§ The data:
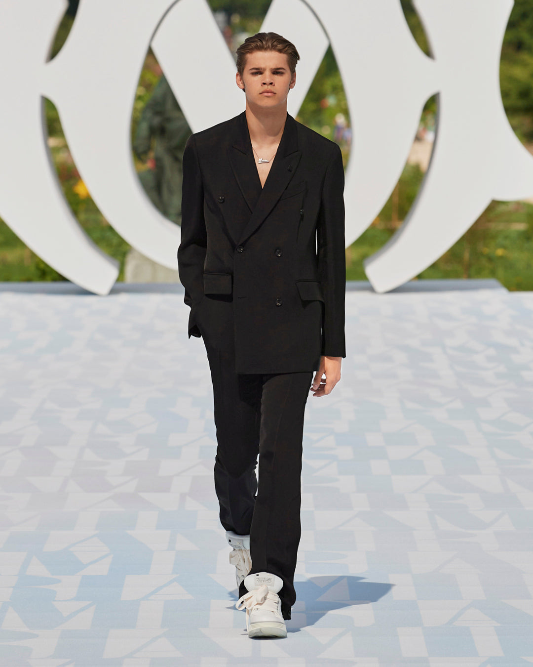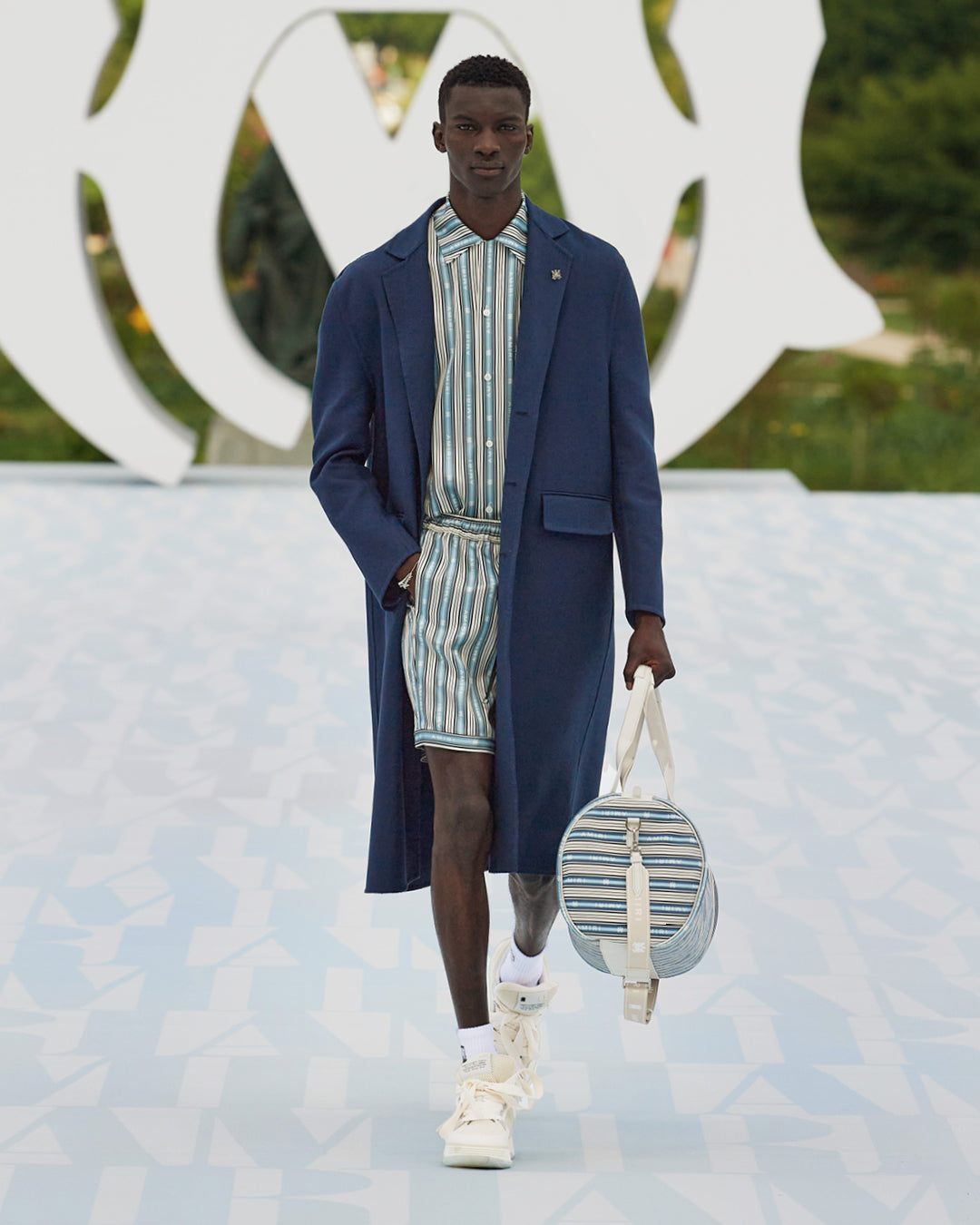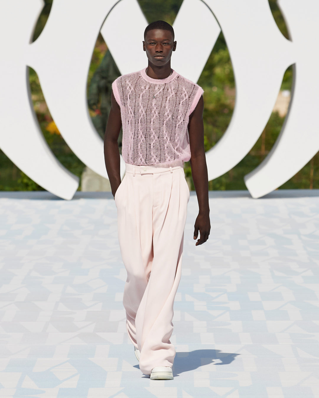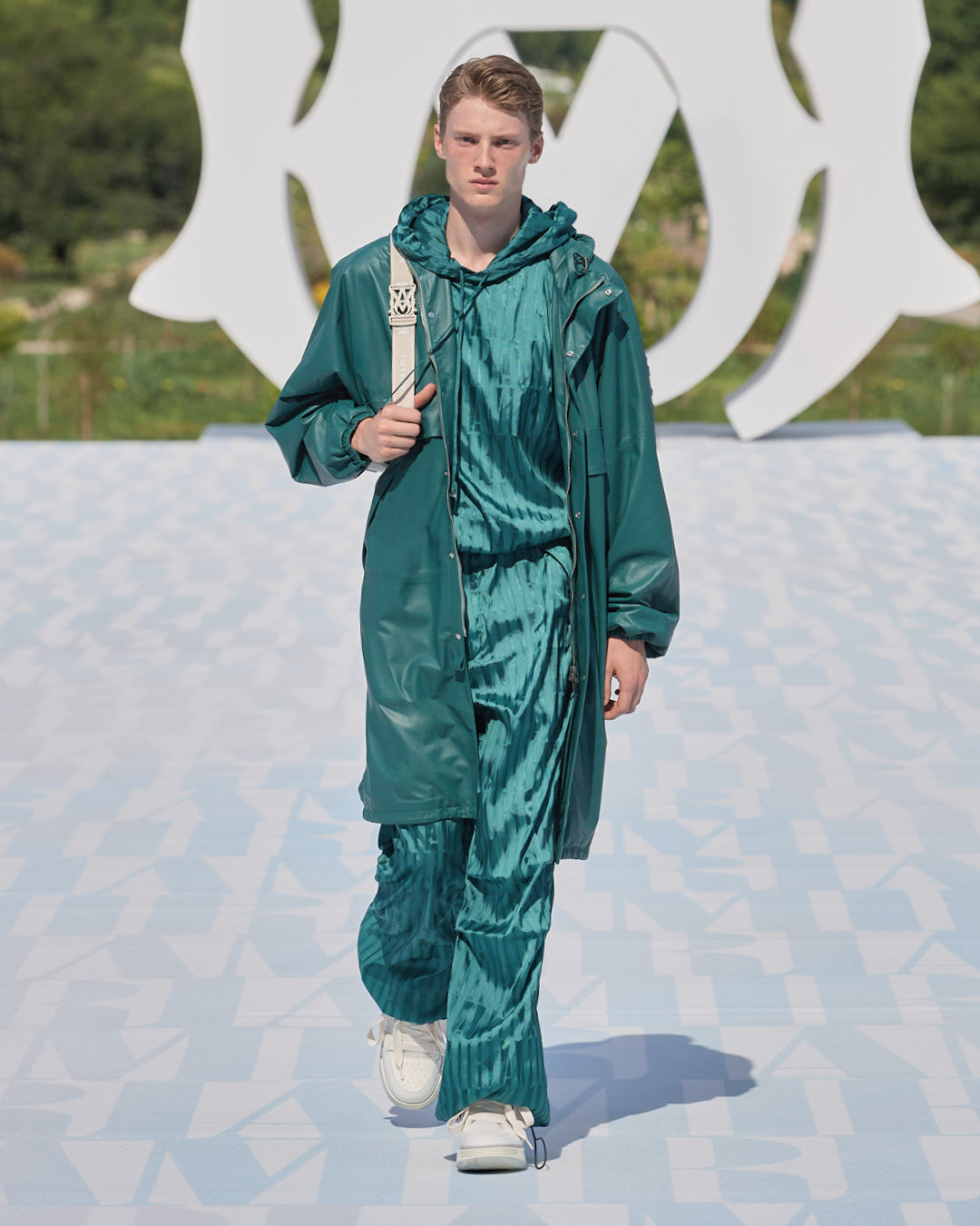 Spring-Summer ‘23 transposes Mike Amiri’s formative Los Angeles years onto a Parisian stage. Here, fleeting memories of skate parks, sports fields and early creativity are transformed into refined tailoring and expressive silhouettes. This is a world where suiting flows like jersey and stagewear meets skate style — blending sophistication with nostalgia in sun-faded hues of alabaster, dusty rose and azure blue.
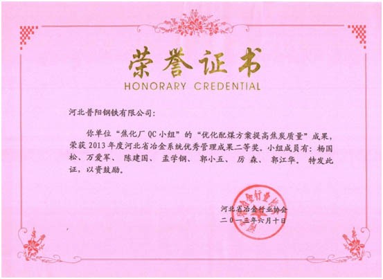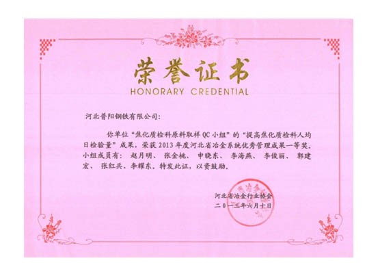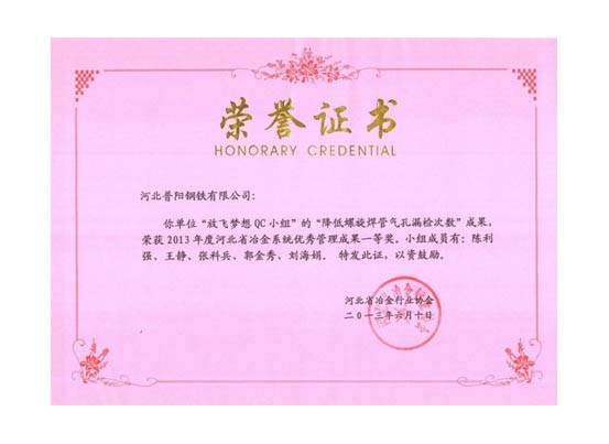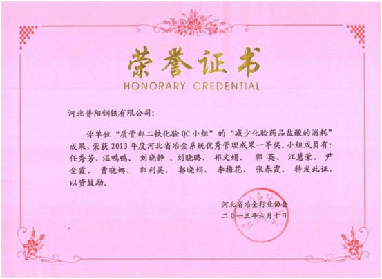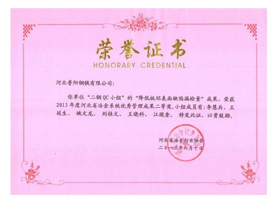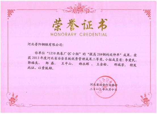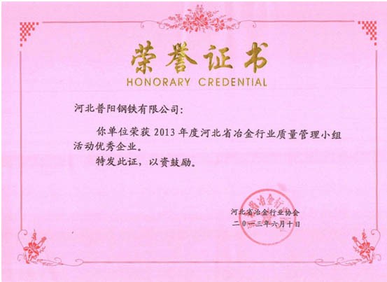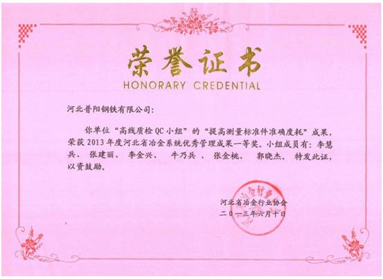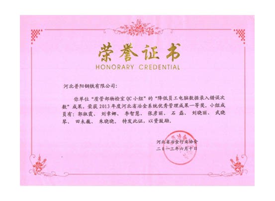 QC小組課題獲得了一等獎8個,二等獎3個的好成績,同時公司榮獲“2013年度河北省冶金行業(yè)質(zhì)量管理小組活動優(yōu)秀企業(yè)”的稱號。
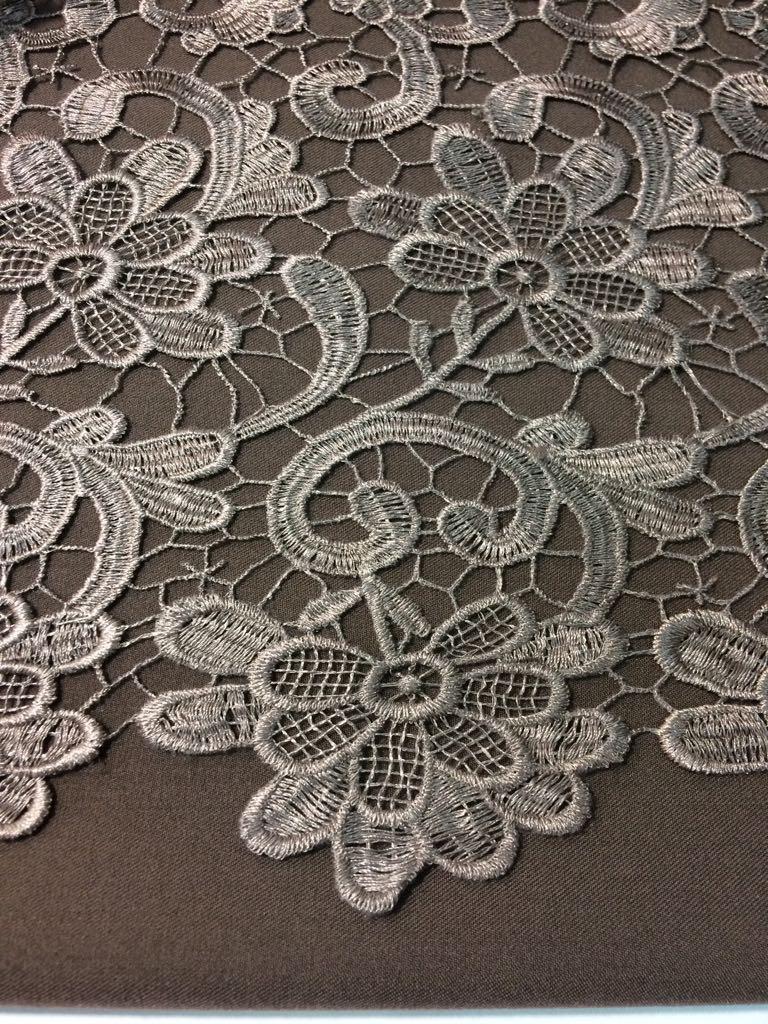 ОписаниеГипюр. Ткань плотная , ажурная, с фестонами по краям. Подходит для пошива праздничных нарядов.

§ Activity: Lines before the one containing "QC小組課題獲得了一等獎8個" are not wanted; write out that line and every later line through the end of the data above, exactly, without pictures.

§ Solved problem:
 QC小組課題獲得了一等獎8個,二等獎3個的好成績,同時公司榮獲“2013年度河北省冶金行業(yè)質(zhì)量管理小組活動優(yōu)秀企業(yè)”的稱號。
 ОписаниеГипюр. Ткань плотная , ажурная, с фестонами по краям. Подходит для пошива праздничных нарядов.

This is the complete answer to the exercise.